Pick a partner who is most likely going to deepen its skills in your domain.


2. Which pricing model is aligned with your interests?


While some companies are charging a flat transaction fee per order, others charge a fixed annual fee, and still others charge both an annual fee and a percentage commission per transaction. It is important to understand the implications of this.


A partner that charges you an annual fee is going to make money whether the platform brings you orders or not. If they charge you a percentage commission per order, they take a larger share of your margins as your average order value increases.


A low, flat transaction fee is the fairest model - it means they only make money if you make money, and they don’t eat into your margins for higher value orders.


3. Who owns the customer relationship?


Certain companies host your website on their branded base URL (yourrestaurant.theirbrand.in). They also display a “Powered by … (their brand)” label on your website. Some players also aggregate all their partner restaurants in a single website owned by them. This means that ultimately, it is their brand that is placed front-and-centre in the customer’s mind, even when the customers are on your direct channel.

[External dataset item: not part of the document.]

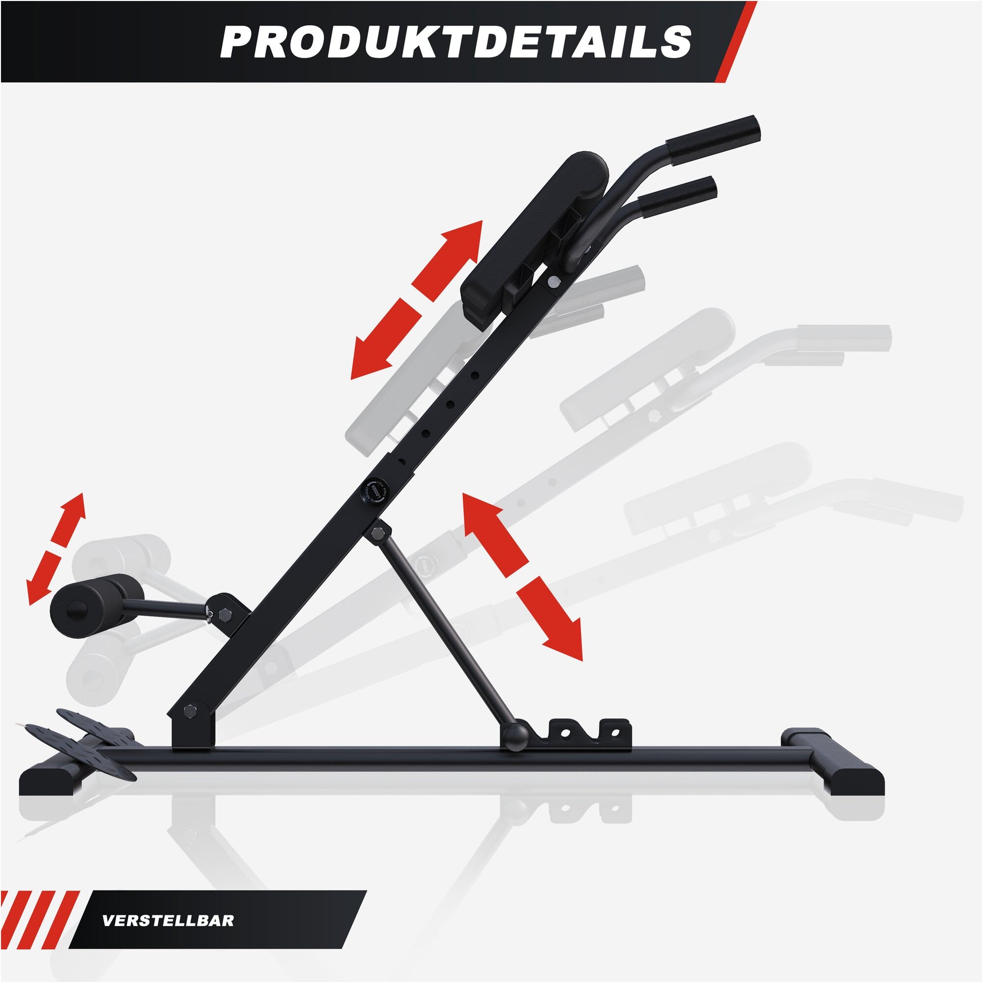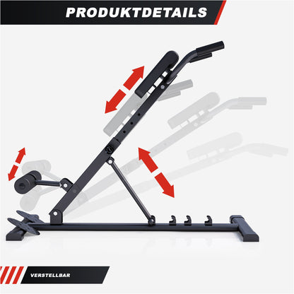 Stärke Deinen Rücken und verbessere Deine Fitness mit der GORILLA SPORTS® Hyperextension Bank! Dieses innovative Fitnessgerät vereint Funktionalität, Komfort und Sicherheit, damit Du Dein Training zu Hause noch effektiver gestalten kannst. Mit sechs Einstellmöglichkeiten für die Polsterung und drei Neigungswinkeln (40°, 45°, 50°) passt sich die Bank optimal Deinen Bedürfnissen an. Ob Rückentraining, Sit-ups oder Übungen mit Hanteln – dieses Gerät bietet alles, was Du für ein vielseitiges Workout brauchst.

It is important that the technology partner is completely invisible to your customers. Your website should ideally be hosted on a generically-named base URL (yourrestaurant.online-order.link).


4. How conflict-free is their model with your existing arrangements?

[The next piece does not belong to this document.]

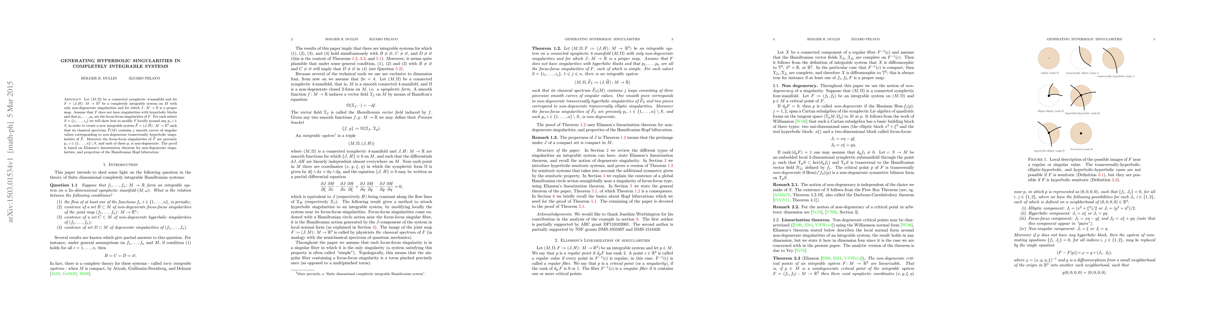 This paper explores the generation of hyperbolic singularities in completely integrable systems by modifying a given integrable system locally around its focus-focus singularities. The new system retains the original singularities except for a subset, introducing $j$ smooth curves of transversally hyperbolic singularities, thereby enriching the classical spectrum. The methodology leverages Eliasson's linearization theorem and Hamiltonian Hopf bifurcation.

Another implication of branded and aggregated websites is that they may come under the legal definition of marketplaces. Your contract with aggregators most likely requires you to maintain the same prices across all marketplaces.


Some tech partners, however, give you your own website. And hence you are free to offer lower prices to your customers without violating your contract with aggregators. This is a very powerful and important tool you have in your armoury for attracting customers to your site. Part of your saved commissions can be shared with customers by way of lower prices.


5. How dependent will you become on them?


Let us suppose you want to migrate your online business to another partner in the future. How easy or difficult will it be to migrate all your existing customer data to the new platform? Some tech partners allow you to export all your data in a completely portable industry-standard format, while others have not made any such policies.


6. Who are the investors and partners in each player?


You have seen a story play out earlier: A new technology partner who has raised several million dollars comes out with an attractive price to enter the market but its investors force the company to raise its prices in due course. It is important to understand the nature and number of investors behind your tech partner. Since this is a long term game, it is important to work with partners who will put your interest before their investors’ demands.


So, the verdict.


Given the above observations and the real risks of choosing a well-funded, opportunistic player that may turn predatorial in the future,


the first choice for any restaurant looking to build a long-term strategic advantage for their online business should be a firm that meets most of the above criteria.